The Medical Council is currently “reviewing” its procedures in relation to undertakings it accepts from doctors, following concerns raised by the High Court President.
In November, Mr Justice Peter Kelly expressed alarm that a mental health service employed a doctor without being aware the doctor had undertaken to the Council’s health committee not to practice medicine due to concerns about his practice.
However, Justice Kelly warned there was no way of employers finding out about this undertaking.
The High Court President directed the Council to inform the court what measures it planned to take to rectify this situation.
A Council spokesperson told the Medical Independent it is reviewing its procedures and processes and is due back before the High Court President in the near future “when an update will be provided”.
Under section 60 of the Medical Practitioners Act 2007, the Council may apply to the High Court for immediate suspension of a doctor’s registration if deemed necessary to protect the public. In some cases, however, it instead accepts undertakings from the doctors.
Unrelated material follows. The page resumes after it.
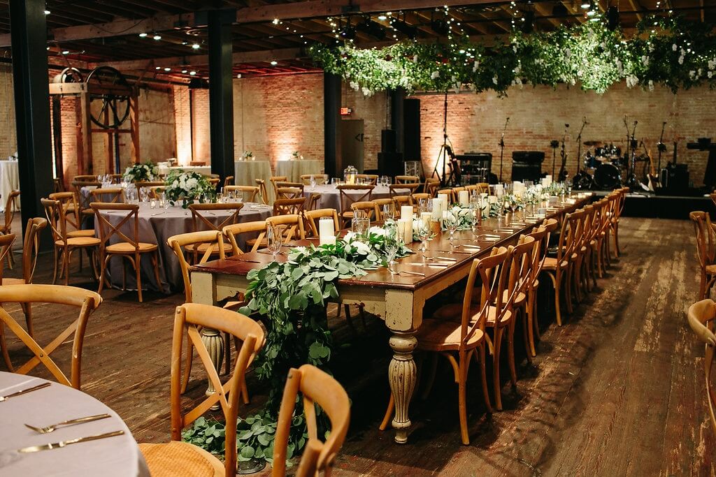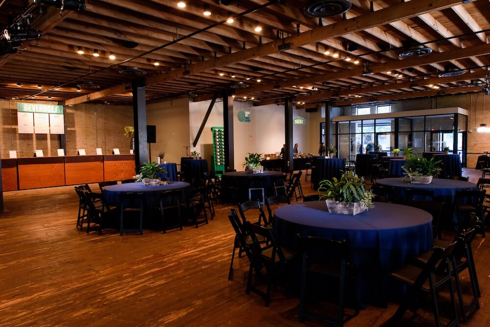 The main hall features restored pine floors, exposed brick, and tall round-top windows. Upstairs, the 3,500-square-foot rooftop deck provides skyline views ideal for cocktail hours or open-air receptions.

The Council’s annual report for 2018 stated that 18 matters (involving 16 doctors) were considered under section 60, nine applications were made to the High Court, and seven undertakings accepted.
Under section 67 of the Act the fitness to practise committee can, at any stage from receipt of a complaint, request the doctor to agree to certain undertakings or resolutions, such as remedial action and consenting to medical treatment.
According to a Council guidance document, where there is a necessity to protect the public, the High Court should determine whether to suspend or restrict a practitioner, which does not preclude the doctor from offering undertakings to the court.
“A breach of an undertaking of the High Court is a very serious matter and the High Court can take immediate steps to enforce the order and make any necessary further orders to protect the public,” according to the document.
“On the other hand, a breach of an undertaking to the Council cannot be enforced by the Council.”
The guidance document also underlines that the regulator cannot direct notification of undertakings given to the Council to any relevant bodies or authorities, other than to the other competent authorities in Europe, without the doctor’s agreement.
Separately, a governance meeting between the Medical Council and Department of Health in December heard that the regulator “is aiming to build capacity and competency” in the legal area in order to reduce costs.
“National HR welcomes this approach and suggested a detailed business case from the Council to include how it links in with other areas of the Council and the potential savings should be submitted to the Department for consideration. The Council should be in a position to submit a business case in January,” according to meeting minutes.